• Exercise: Restate each line below word for word, skipping every picture.

• Supplied material:
━━━━━━━━━━━━━━━━━━━━

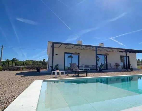 We present this beautiful newly built rural property in Muro, with easy access from the Muro–Can Picafort road and just a few minutes' drive from all the amenities of the village. This property perfectly combines a peaceful setting with modern comfort. The 150m² house, set on a 16,000m² plot, has been carefully designed with spacious, bright and open spaces and contemporary finishes that create a warm and welcoming atmosphere. The heating is underfloor and the air conditioning is ducted (hot/cold), ensuring maximum comfort throughout the year. Upon entering the house, we find a completely open-plan space with large windows that frame the beautiful views of the garden and fill the house with natural light. This space is divided into a comfortable living room with television, a spacious dining room that connects to a modern, fully equipped kitchen with an island. The property has three large double bedrooms, all with en-suite bathrooms, as well as a guest toilet. Outside, there is a private swimming pool with a salt chlorination system and a covered terrace, ideal for relaxing and enjoying complete privacy. This property offers a unique opportunity to experience the tranquillity of rural life in Mallorca with all the comforts of a modern home. Contact First Mallorca today to arrange a viewing.
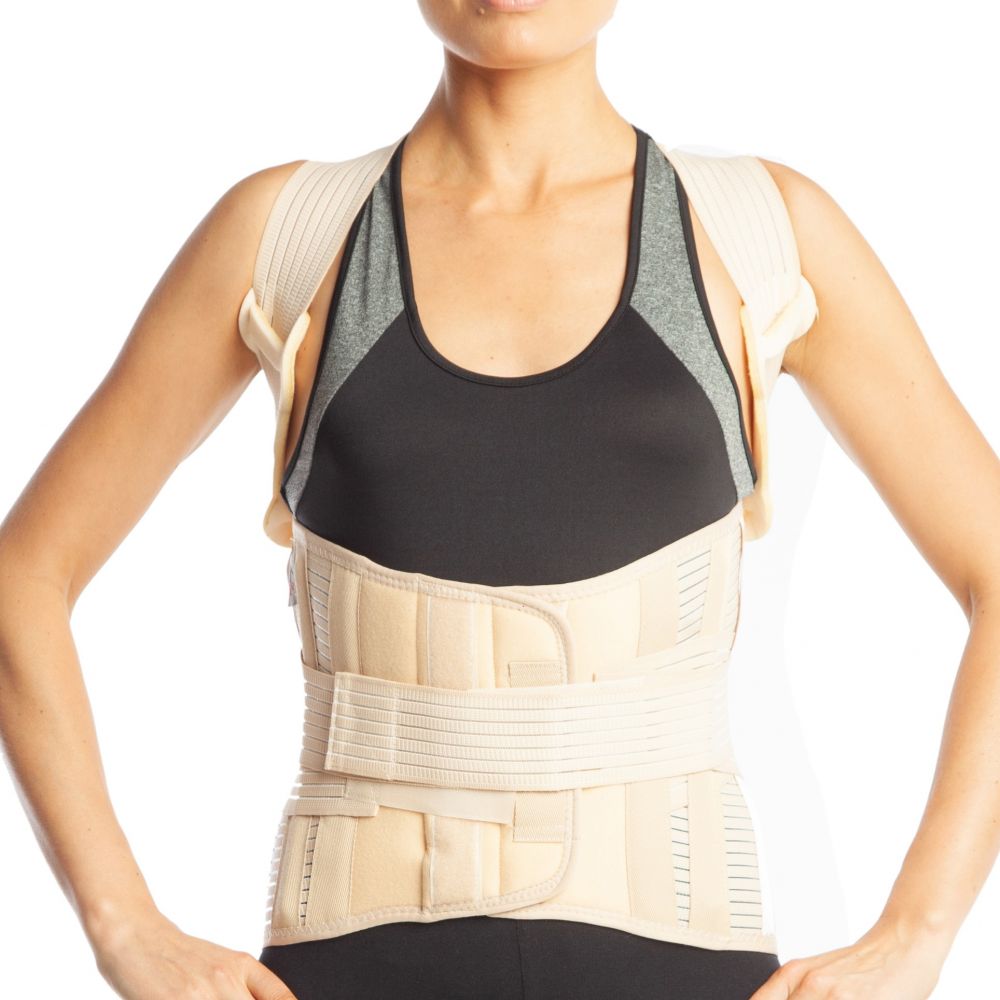 Мягкие подушки сзади и спереди обеспечивают комфортное использование. Воздушный материал обеспечивает свободную циркуляцию воздуха, отвод влаги и дыхание кожи. Две металлические корсеты анатомической формы прочно стабилизируют пояснично-крестцово-грудной отдел, а 4 гибких пластиковых корсета в области бедра защищают от болезненных и неконтролируемых скручиваний или сгибаний.
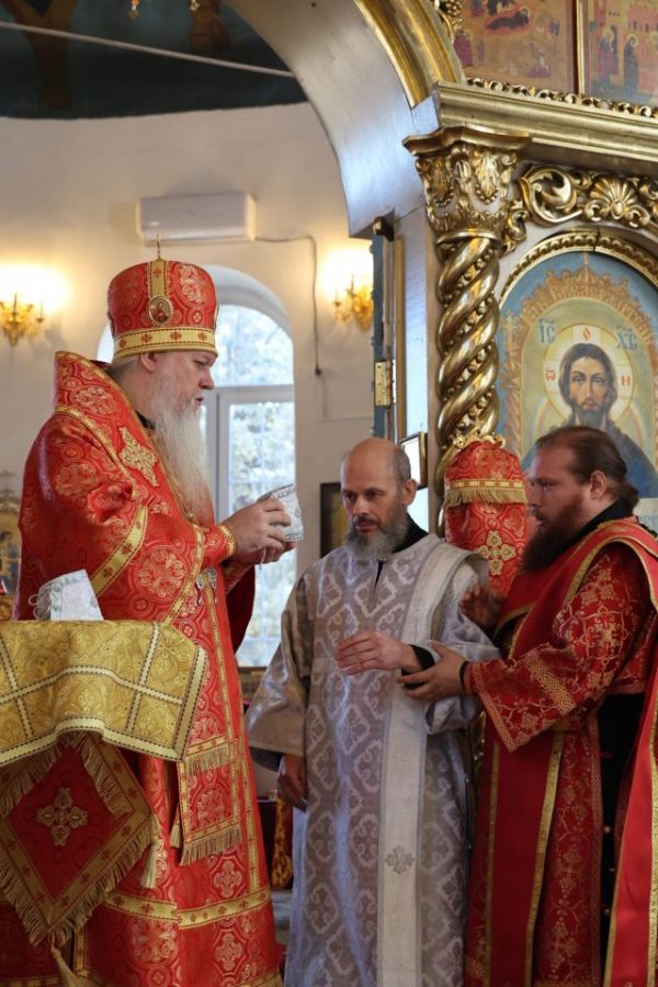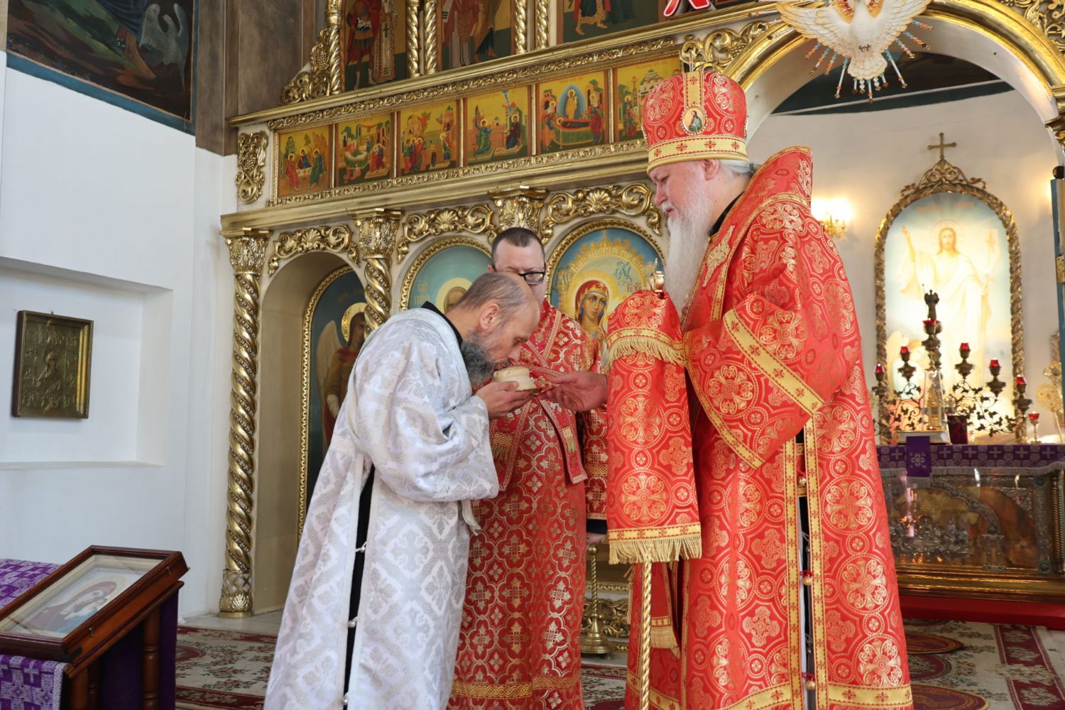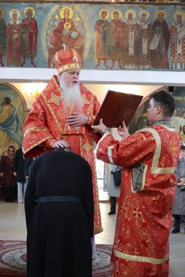 В начале богослужения епископ Феофан совершил хиротесию во чтеца и иподиакона монаха Питирима (Мосякина). После Евхаристического канона архипастырь рукоположил иподиакона монаха Питирима (Мосякина) во иеродиакона.
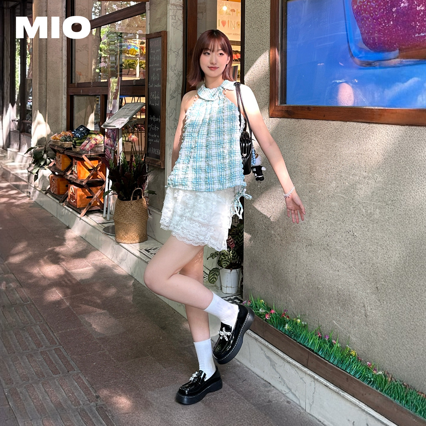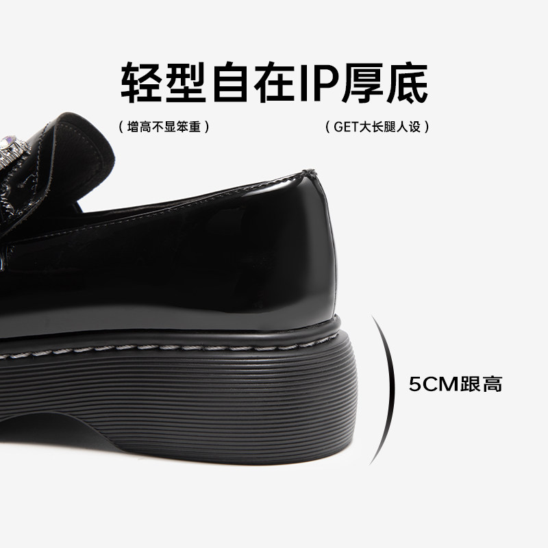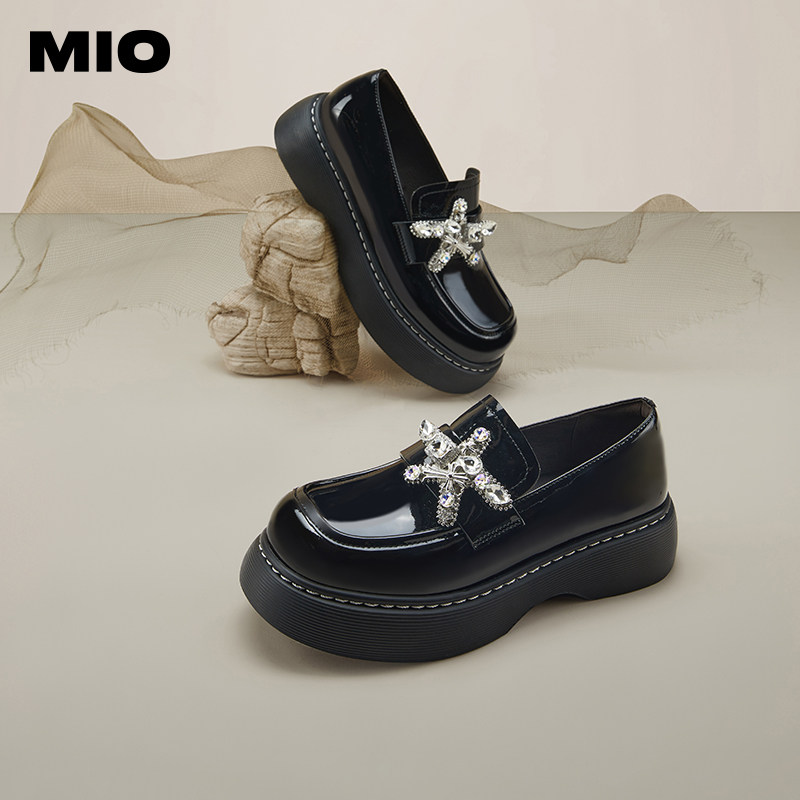 MIO米奥秋季圆头学院厚底乐福鞋复古钻饰元素显高舒适女鞋

━━━━━━━━━━━━━━━━━━━━

• Task output:
 We present this beautiful newly built rural property in Muro, with easy access from the Muro–Can Picafort road and just a few minutes' drive from all the amenities of the village. This property perfectly combines a peaceful setting with modern comfort. The 150m² house, set on a 16,000m² plot, has been carefully designed with spacious, bright and open spaces and contemporary finishes that create a warm and welcoming atmosphere. The heating is underfloor and the air conditioning is ducted (hot/cold), ensuring maximum comfort throughout the year. Upon entering the house, we find a completely open-plan space with large windows that frame the beautiful views of the garden and fill the house with natural light. This space is divided into a comfortable living room with television, a spacious dining room that connects to a modern, fully equipped kitchen with an island. The property has three large double bedrooms, all with en-suite bathrooms, as well as a guest toilet. Outside, there is a private swimming pool with a salt chlorination system and a covered terrace, ideal for relaxing and enjoying complete privacy. This property offers a unique opportunity to experience the tranquillity of rural life in Mallorca with all the comforts of a modern home. Contact First Mallorca today to arrange a viewing.
 Мягкие подушки сзади и спереди обеспечивают комфортное использование. Воздушный материал обеспечивает свободную циркуляцию воздуха, отвод влаги и дыхание кожи. Две металлические корсеты анатомической формы прочно стабилизируют пояснично-крестцово-грудной отдел, а 4 гибких пластиковых корсета в области бедра защищают от болезненных и неконтролируемых скручиваний или сгибаний.
 В начале богослужения епископ Феофан совершил хиротесию во чтеца и иподиакона монаха Питирима (Мосякина). После Евхаристического канона архипастырь рукоположил иподиакона монаха Питирима (Мосякина) во иеродиакона.
 MIO米奥秋季圆头学院厚底乐福鞋复古钻饰元素显高舒适女鞋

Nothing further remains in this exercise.